The theme of exploration isn’t limited to the music for M(h)aol. Zoë also acts as the visual artist who films and directs the band’s music videos as well as creating the album and single covers. The sea acts as a massive influence behind the visuals of Attachment Styles. “My dad was like, ‘You need to stop using the sea. It’s getting old.’ I told him, ‘No, the sea will never get old!’” jokes Zoë. She continues, “The album cover is a message of healing really so I was experimenting with a lot of different characters and visual ways of showing that. I went into the sea 10 times with different fabrics and lenses, over the sea, into the sea. It’s excavating that idea that feels natural. This is from one of the shoots I did in the middle of figuring out what that idea should be and I kept coming back to it. I think it’s because it is shrouded and hard to figure out. You can sense something from it. To me, it was to find power through healing and what empowers you to heal.”

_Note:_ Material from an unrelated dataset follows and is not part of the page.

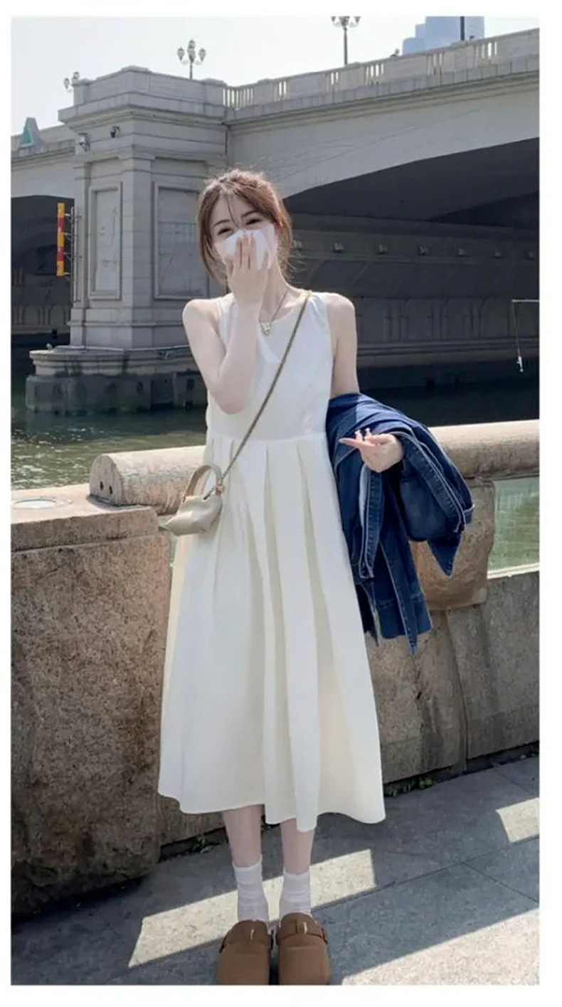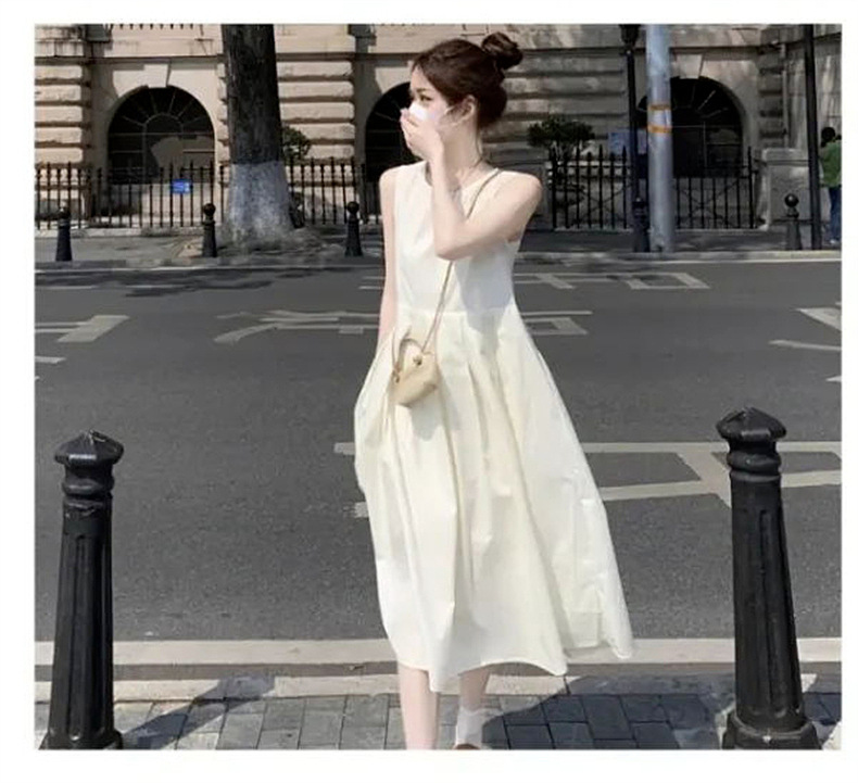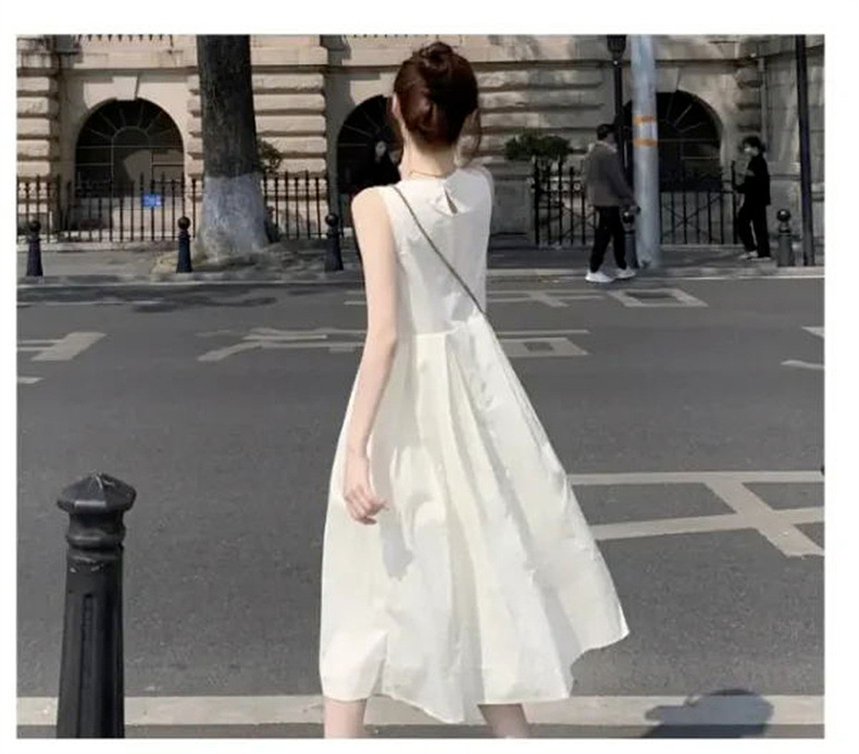 프랑스 틈새 한국 스타일 민소매 조끼 화이트 원피스 여름 여성의 2024 새로운 스타일 작은 긴 원피스스토어 가기

Róisín sums up what being in M(h)aol is like: “I view being in a band like being in a family business. You’re doing all the things that a family would be doing; you’re eating together, you’re sharing a space together, you’re in a car together, there’s two people in the front and they’re mom and dad. You have to be on each other’s rhythms that really brings you back to childhood but at the same time, there’s the business element of it. You have to be professional. You have to be there on time. You have to turn up for interviews. There are very little structures to show you how to balance the combination of emotionality which is the art side of it with the day to day reality of it which is sitting in a van for hours and hours and your ass is getting sore. We’re going to go into Lidl and see what they have in the discount aisle!”

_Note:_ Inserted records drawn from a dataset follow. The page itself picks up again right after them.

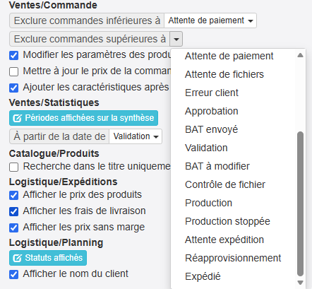 Vous pouvez désormais sélectionner le statut de commande pour lequel vous souhaitez exclure les commandes supérieures à ce statut.
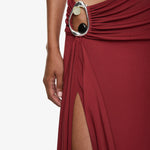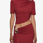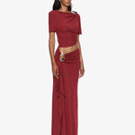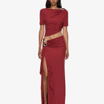 The Orica Cascade Jersey Skirt balances fluid drape with sculptural detail. A curved crystal-set ring gathers the hip, cascading into a softly flared silhouette.
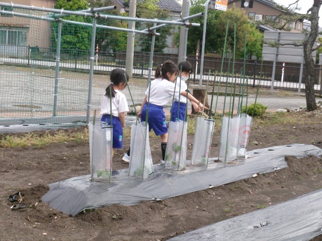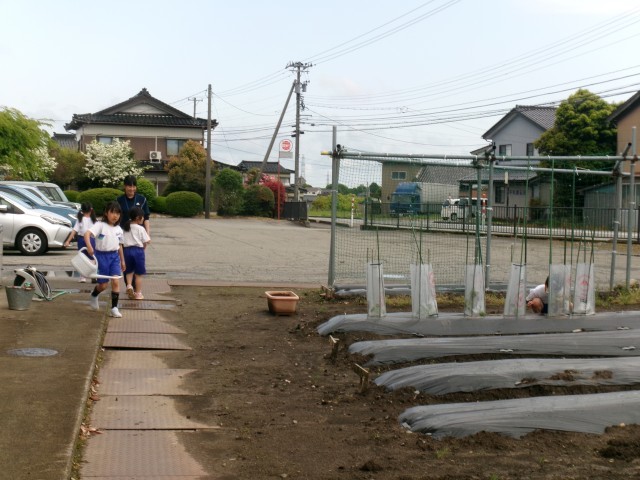 苗の様子を見て、水やりをやめていました。

Despite the challenges that come with disrupting societal constructs, M(h)aol are rising above. They’re fearless in what messages they want to convey and they understand the importance that comes with dealing with sensitive topics. Coming together as musicians, artists and writers, they’ve used their backgrounds to create a layered record. “If you could have picked five people who are destined to be in a band, I don’t think we would have been the five. It’s a real eclectic mix,” says Róisín and yet they all work together almost like the sea, moving melodically in and out with the motion being a modern band.
Attachment Styles is out now via Tulle Collective.
M(h)aol will play on April 15 in The Workman’s Club, Dublin.